At NYC H+H/Elmhurst, these numbers were identified in early May 2023 for each service area. Striking personnel included 78 medicine residents, 40 pediatrics residents, 40 behavioral health residents, and 6 pulmonary/critical care fellows. In the end, 14 providers from medicine crossed the picket line to work, leaving a gap of 64 residents. These provider gaps were translated to more usable shift numbers to understand coverage needs.
Once all shift gaps were identified, the focus was placed on internal coverage. Hierarchically, current clinical providers other than rotating residents, including physician assistants and nurse practitioners, should be offered overtime to fill gaps first, followed by attendings with administrative responsibilities who still perform clinical work. For this latter group, just-in-time training in electronic medical record (EMR) usage, advanced care life support, cardiopulmonary resuscitation, and other internally used provider applications should be performed.
At NYC H+H/Elmhurst, refresher EMR training modules were created for patient admitting and note writing, since some attendings had not done this since their training days because it is often a resident responsibility. Additionally, a virtual EMR playground was made available for those providers to practice using EMR. Live 1-on-1 tutorial sessions with EMR analysts were established and training videos on the emergency, ambulatory, inpatient, and behavioral healthcare provider applications were rapidly recorded and shared. In hindsight, facilities should prerecord such videos before the threat of a strike or other emergency is present, so the videos can be easily distributed without using human resources to record them during the preparatory stages.

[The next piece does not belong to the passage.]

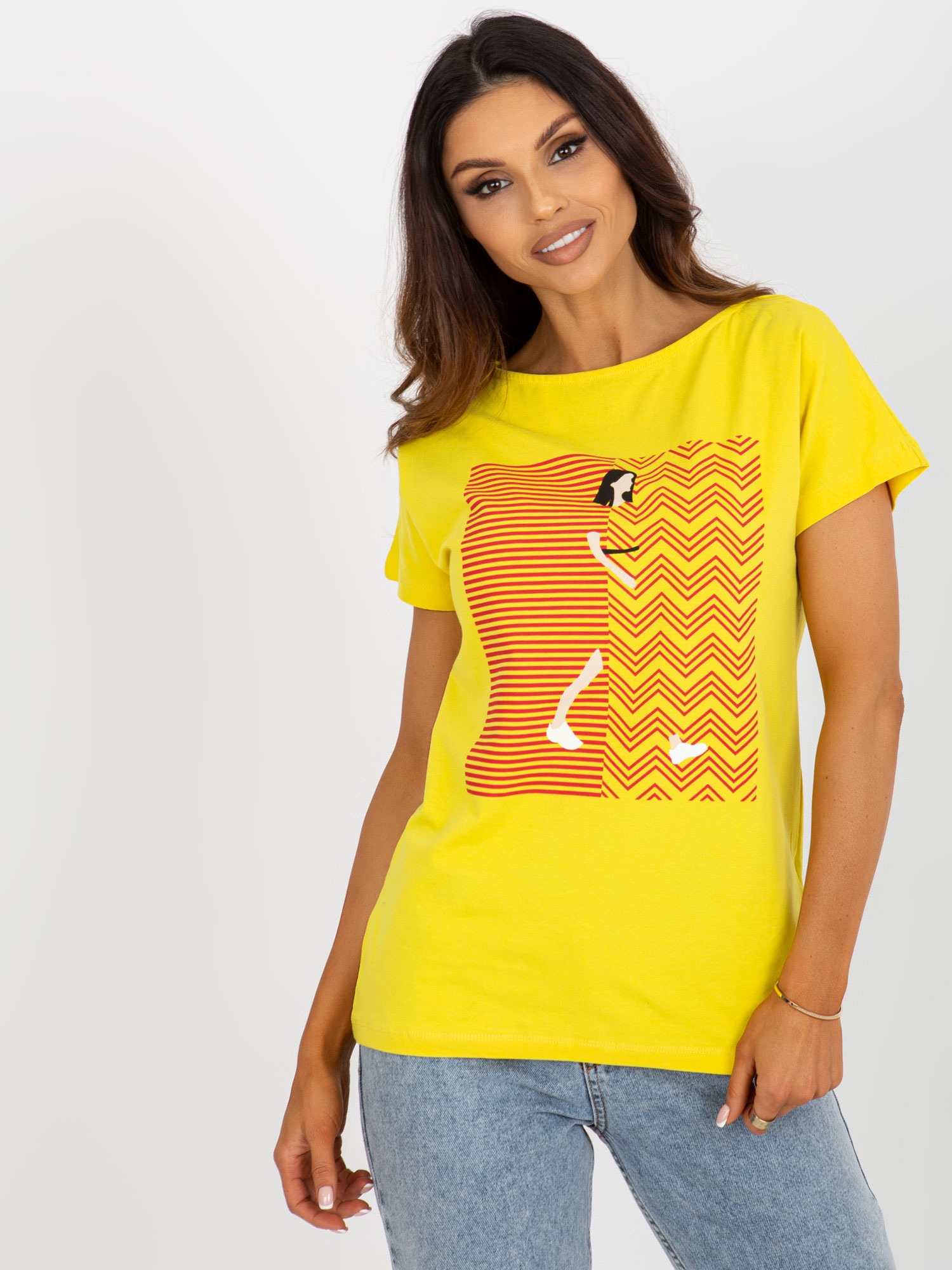 Żółty bawełniany damski t-shirt z nadrukiem .
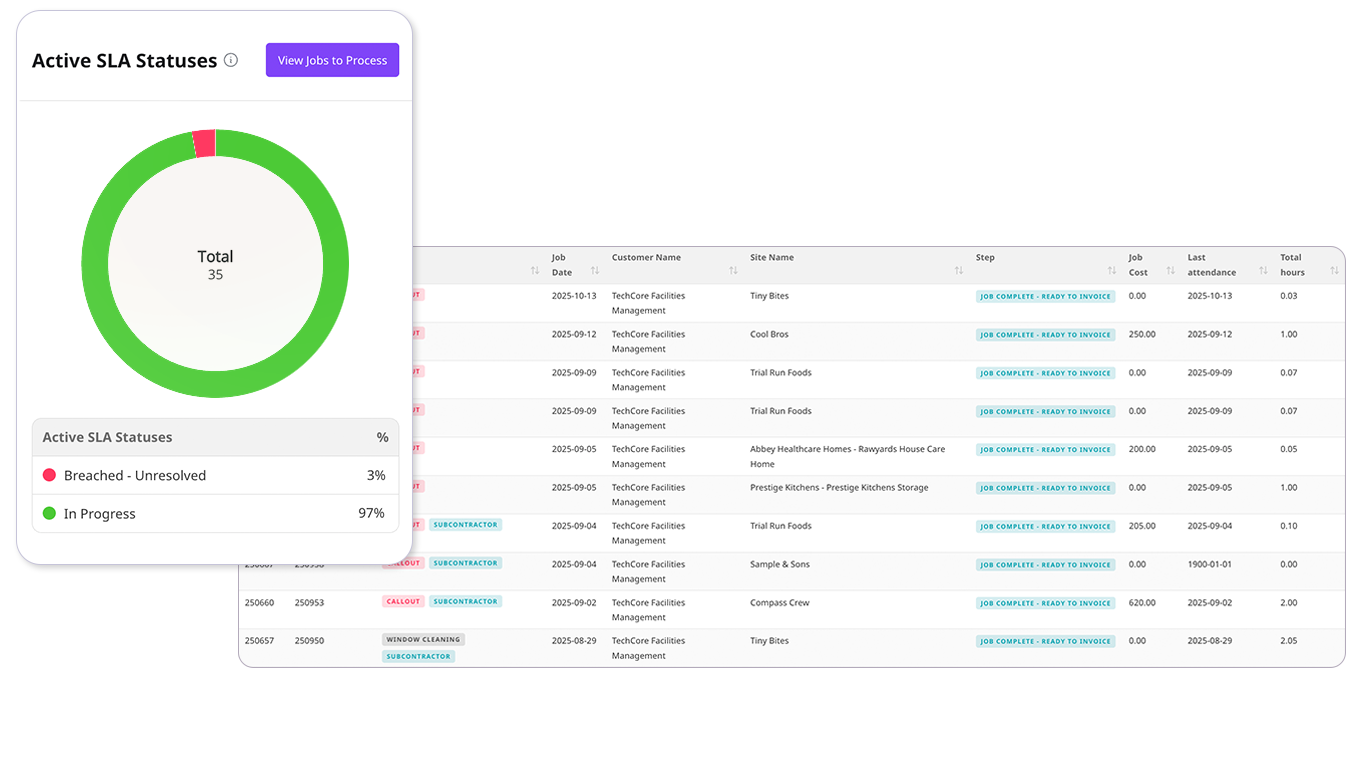 Live dashboards for operations, finance and compliance. Drill from headline KPIs to the underlying job.

After the recruitment, up-training, pay adjustment, and scheduling of internal providers, facilities should create a boarding care swing team to care for admitted patients who are pending assignment of an inpatient bed. This team ensures that admission orders are placed and that patients are always cared for with medical provider oversight. At NYC H+H/Elmhurst, this swing team provided 24 hours a day/7 days a week coverage during the strike and communicated closely with inpatient providers to oversee patients when admission caps were reached. Closing outpatient clinics and reassigning nurse practitioners and physician assistants to inpatient floors was another option considered but not implemented at NYC H+H/Elmhurst, which opted to keep clinics optimized for inpatient and emergency department discharged patients.
Affiliated Providers
While optimizing the use of internal providers is a primary effort, surging with affiliated providers is an effective next step. Rather than immediately going to external support, this option focuses on pulling in providers who do not work at the striking facility but are credentialed within the same health system at another site. In the case of NYC H+H, this meant pulling in providers from other NYC H+H acute care facilities including Queens, Jacobi, Kings County, and Harlem Hospital. Additional fellows, residents, physician assistants, and nurse practitioners were also recruited from other Mount Sinai sites given that the NYC H+H/Elmhurst facility employed Mount Sinai residents. Elmhurst’s connections to both the NYC H+H and Mount Sinai systems enables 2 sources of surge personnel whose preexisting ties to those systems make onboarding more efficient than recruiting unaffiliated providers. Like internal providers, these additional staff should be integrated into the existing schedule to minimize disruptions.
External Providers
While internal and affiliated providers should be evaluated first, facilities must also look at locum tenens providers through staffing agencies, which can be particularly helpful when needs are targeted. In the case of NYC H+H/Elmhurst, this route was used to find more pediatric providers. This effort included conversations with the staffing agency 1 week before the planned start of the strike. As with other recruited providers, special pay rates must be established and additional providers must be scheduled into the existing schedule. NYC H+H collected a list of external volunteer providers who were willing to assist with coverage on top of their full-time jobs. Over 100 physicians were emergency credentialed to work at NYC H+H/Elmhurst in the event of a longer strike.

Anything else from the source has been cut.